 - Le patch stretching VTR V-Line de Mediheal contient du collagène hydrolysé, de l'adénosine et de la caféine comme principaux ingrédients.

****************************************

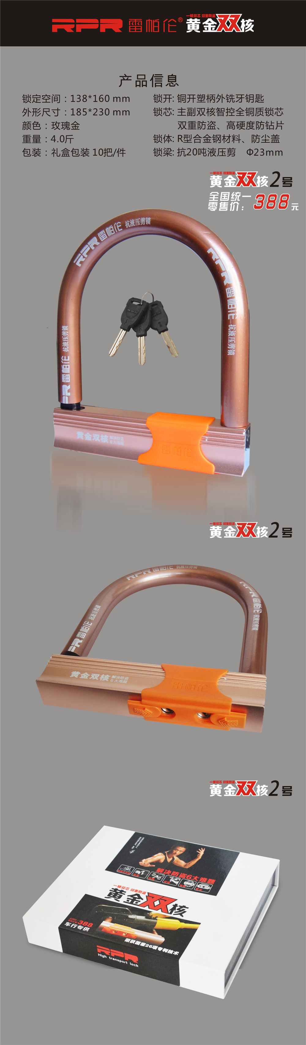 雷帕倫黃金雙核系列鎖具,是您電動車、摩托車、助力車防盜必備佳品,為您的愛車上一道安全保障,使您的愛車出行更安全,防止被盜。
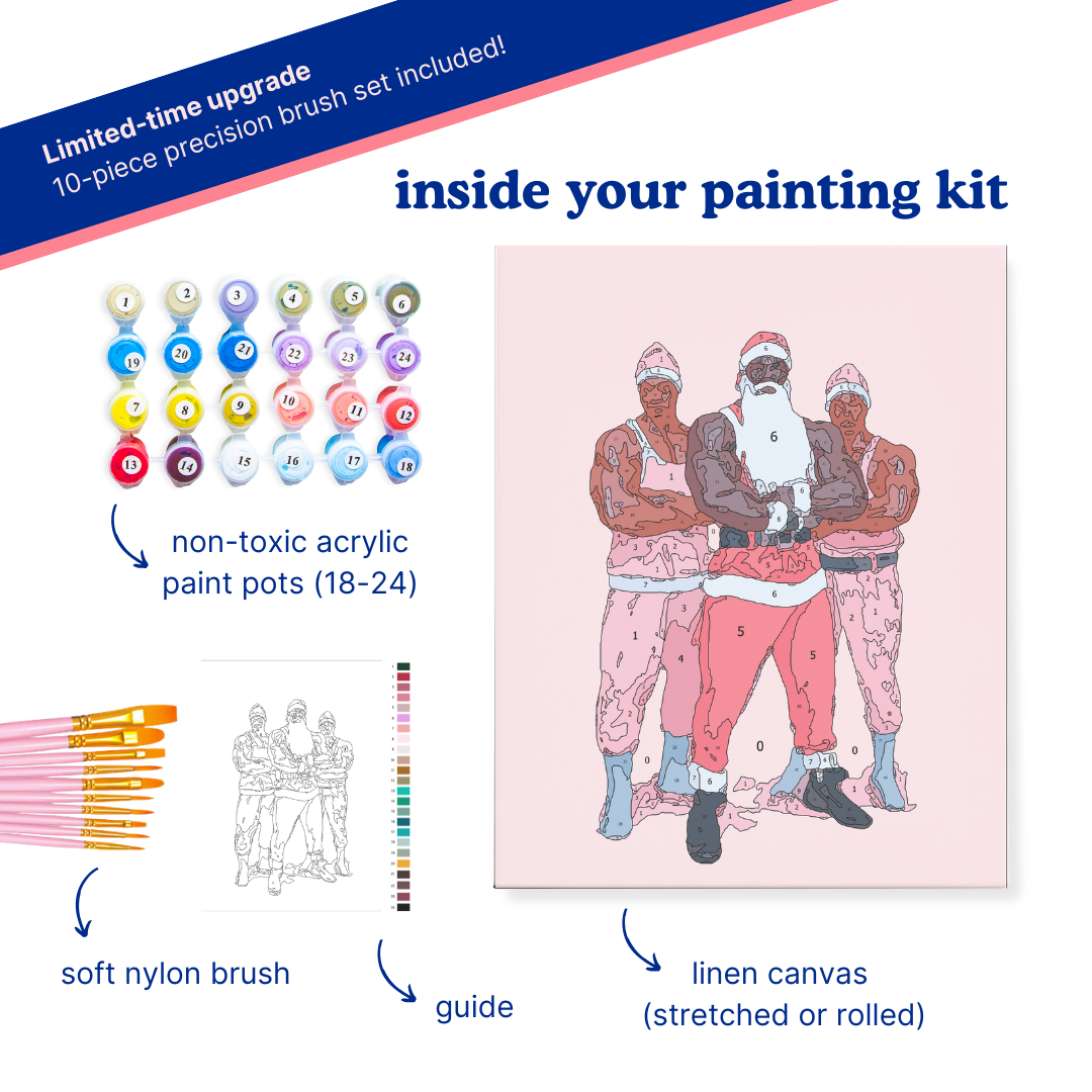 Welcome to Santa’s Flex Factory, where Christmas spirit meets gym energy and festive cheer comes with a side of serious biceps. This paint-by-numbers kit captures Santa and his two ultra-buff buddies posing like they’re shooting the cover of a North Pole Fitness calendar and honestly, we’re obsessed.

****************************************

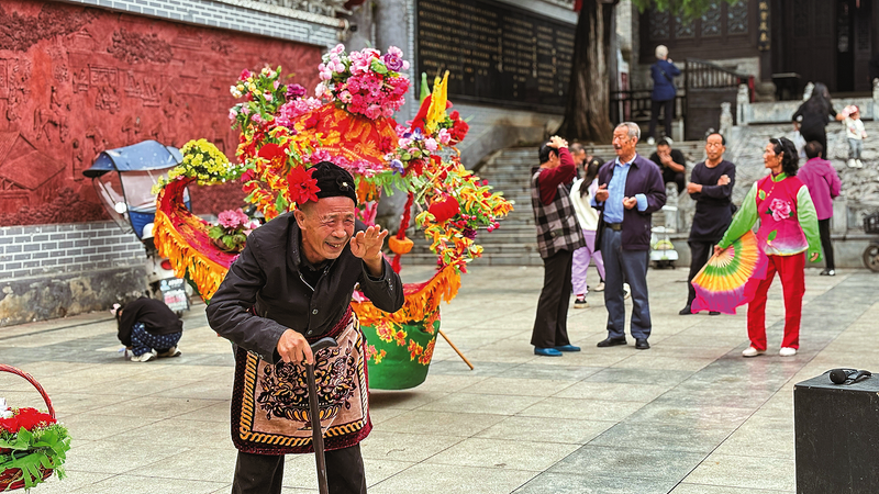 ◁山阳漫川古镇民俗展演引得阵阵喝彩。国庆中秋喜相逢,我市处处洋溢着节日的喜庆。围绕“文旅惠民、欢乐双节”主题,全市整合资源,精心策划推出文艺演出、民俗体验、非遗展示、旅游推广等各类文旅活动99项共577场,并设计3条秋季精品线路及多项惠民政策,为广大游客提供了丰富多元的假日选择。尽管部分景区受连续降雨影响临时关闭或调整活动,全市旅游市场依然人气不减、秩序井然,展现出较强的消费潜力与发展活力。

****************************************

-- TASK TO COMPLETE --
Please set down, exactly and with no pictures, the lines in the entries above starting at the one holding "雷帕倫黃金雙核系列鎖具,是您" and ending at the one holding "Welcome to Santa’s", ends included.

-- EXERCISE ANSWER --
 雷帕倫黃金雙核系列鎖具,是您電動車、摩托車、助力車防盜必備佳品,為您的愛車上一道安全保障,使您的愛車出行更安全,防止被盜。
 Welcome to Santa’s Flex Factory, where Christmas spirit meets gym energy and festive cheer comes with a side of serious biceps. This paint-by-numbers kit captures Santa and his two ultra-buff buddies posing like they’re shooting the cover of a North Pole Fitness calendar and honestly, we’re obsessed.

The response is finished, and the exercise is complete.